This research compared its novel RS with Harmony Session Clustering Recommender (HSCR) [8], Harmony K-means Session Clustering Recommender (HKSCR) [8], Interleaved Harmony K-means Session Clustering Recommender (IHKSCR) [8], K-means, all k-th order MM (KMM), K-means, MM, and Popularity and Similarity-based Page Rank (KMMPSPR) [30] on CTI dataset for 3 evaluation criteria called accuracy, coverage, and F-measure. The proposed RS has better performance than other techniques in CTI dataset for evaluating the criteria. Moreover, the results of the ACGA have been compared with the Automatic Clustering-based on Differential Evolution (ACDE) [29] and K-means [14] algorithms through the Chou-Su (CS) [4] and novel cluster evaluation criteria of Compactness and Separation Measure of Clustering (CSMC), which indicated that it has a high performance.

Section 2 reviews and analyzes the previous studies in the field. Section 3 deals with the proposed algorithm and its steps. Section 4 discusses time complexity of the proposed algorithms. Section 5 evaluates and analyzes the output of the proposed recommender system. Section 6 concludes the research and provides a number of suggestions for further research.

2 Literature review

Clustering the web sessions is one of the important parts in the web usage mining, which is a technique to discover clusters from the web data. Sessions in web are represented in two vector and non-vector models. Many authors used vector model by binary representation for web sessions, while several web session clustering used non-vector model for clustering sessions. Discovering sequential patterns enclosed in the sessions has been used to predict the probability of the page viewing by various Markov models. The main goal of this research has been to propose a non-vector model for sessions. Since the frequency and page visiting time are connotations of the users’ interest, their combination could affect the recommendation accuracy. Another main objective of the research has been to design an automatic clustering session and use a modified all k-th order MM for predicting pages. To cluster sessions, ACGA method has been used for clustering through ACGA as an optimization problem that aimed to find an optimal part of the solution space, which optimized function and cluster sessions. Each solution in the population had a fitness value that relied on the function to be optimized. This research took the cluster evaluation criterion as fitness function. The CSMC method has been defined as a new validation index, and covered both compactness and separation factors in the clusters. As a sequential decision process, the recommendation process should be implemented by modifying all k-th order MM. This MM combined probability pages in different orders of MM and presented a recommendation with high probability. Here, the research provides a literature review of the web page recommender systems, clustering techniques based on the metaheuristic algorithm, and Markov model.

2.1 Web page recommender systems

The RS is a kind of decision-support and intelligent system.

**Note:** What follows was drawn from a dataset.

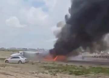 В Конго министерский самолёт выкатился с полосы и загорелся

It could be used for suggesting the web pages to be visited next in a big website in order to guide the web users to find the relevant information they needed. This type of RS is called web page recommender system. These systems used various techniques for recommendation of pages for a user.

There are numerous studies related to the recommender systems that employed K-means algorithms for clustering sessions [1, 24, 31, 32]. Researches used them because of their simplicity; however, they had generally high sensitivity to the number of clusters and initial seeds in a huge dataset.

Selvi et al. [27] proposed a new RS that originates the Collaborative filtering approach in “A novel optimization algorithm for recommender system using modified fuzzy c-means clustering approach”. The rating users have been clustered with minimal error rate using a proposed modified fuzzy c-means (MFCM) clustering approach. Users in the cluster have been further optimized through the proposed modified cuckoo search (MCS) algorithm with less number of iterations. Using the combining MCS with MFCM, the presented RS reduced the recommendation error rate and provided a list of recommendations with high accuracy.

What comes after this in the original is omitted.